# Collectible Games



## Sandstone-Shadow (Mar 22, 2015)

Do you guys still own the cardboard boxes and instruction manuals for your old games? (RBY, GSC, RSE, etc) 

I know I never owned boxes for Red or Blue, and I have boxes for RS and FRLG. At one point in my life, I know I owned boxes for Yellow, Silver, Crystal, and Emerald, but I can't find them - I may have thrown some of them out. I keep hoping that I'll find them around the house someday, but deep down, I think I may actually have gotten rid of them. Probably because of Pokémon, I have this drive to collect things, and having "incomplete copies" of these games is irksome. However, it's a lot of money to buy boxes or new, complete versions of the game, and I need to remind myself that I have better things to save/spend my money on.

How about anyone else?
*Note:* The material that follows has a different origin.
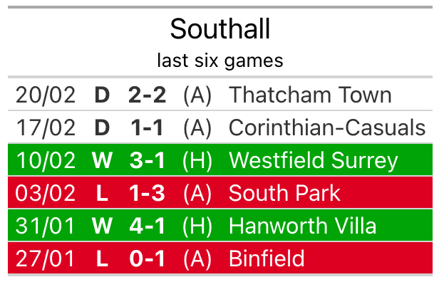 Southall drew, 2-2 away at Thatcham Town on February 20.

Do you collect all of the packaging and instruction manuals, official guides, anything like that?


----------



## Murkrow (Mar 22, 2015)

I was actually thinking yesterday whether I should throw out my boxes for some of the more recent DS/3DS Pokémon games. I have cases that can hold multiple games so I don't really need them, and I don't really have an argument for it being for the collectorness of it, because I don't have the boxes for some of the older games.

On the other hand, it's nice to have "spines" on a shelf you can alphabetise to easily find what you're looking for. I just wish 3DS boxes came with GBA slots like DS ones did.
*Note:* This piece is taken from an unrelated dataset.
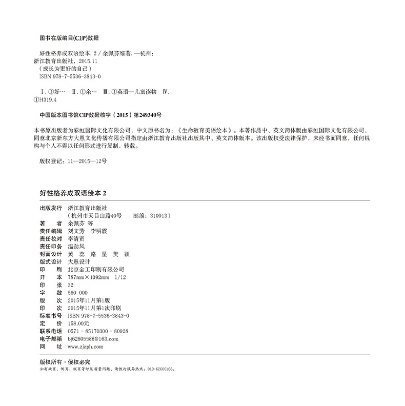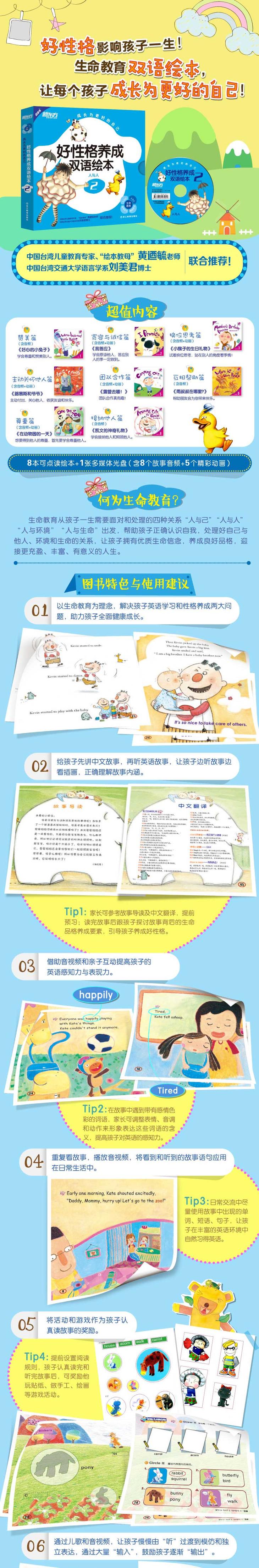 本系列绘本共分为三个套装,其中《成长为更好的自己:好性格养成双语绘本2》共8册,包含了“赞美篇”“宽容与诚信篇”“换位思考篇”“主动关怀他人篇”“团队合作篇”“互相帮助篇”“尊重篇”“接纳他人篇”8个主题,通过围绕着这些主题的8个妙趣横生的故事,探讨了人与人的关系,教孩子接纳他人,体谅他人,学会与他人分工合作,履行对他人的承诺,拥有尊重他人、关怀他人、团队合作、诚实守信等好品格。

Anyway the boxes I have are all UK boxes (so they have a PEGI rating on them and the DS boxes are thicker than US ones) include:
FireRed, Sapphire, HeartGold, SoulSilver, Black, White2 (US region), X, AlphaSapphire (and a steelbook), Colosseum (with a second disc slot for Pokémon Box) and XD.

My unboxed games include:
Red, Blue, Yellow, Gold, Silver, Emerald, Diamond

As I said in Zim's thread about him getting a copy of Box, I suppose I have a good reason to at least try collecting all the games, since I have so many of them already. I've wanted a copy of Crystal for ages.


I have prima guides for RBY and FRLG, as well. One of them says Pidgey's rarity is "only one".


----------



## Meowth (Mar 22, 2015)

I still have a random Pokémon Emerald manual in my bedside drawer!

I also have a boxed N64 copy of Majora's Mask, albeit not a well-preserved relic of my childhood. I only got it a few years ago because it was on sale for barely any more than a cartridge on its own (and with a free strategy guide to boot!). Other than that any cartridge-based video game paraphernalia I still have hanging around had its packaging  discarded long ago, apart from DS/3DS games, all of which have their boxes intact and stacked on a shelf never to be used again. I guess a plastic case just seems more important and less like useless packaging than a generic cardboard box?



Murkrow said:


> I have prima guides for RBY and FRLG, as well. One of them says Pidgey's rarity is "only one".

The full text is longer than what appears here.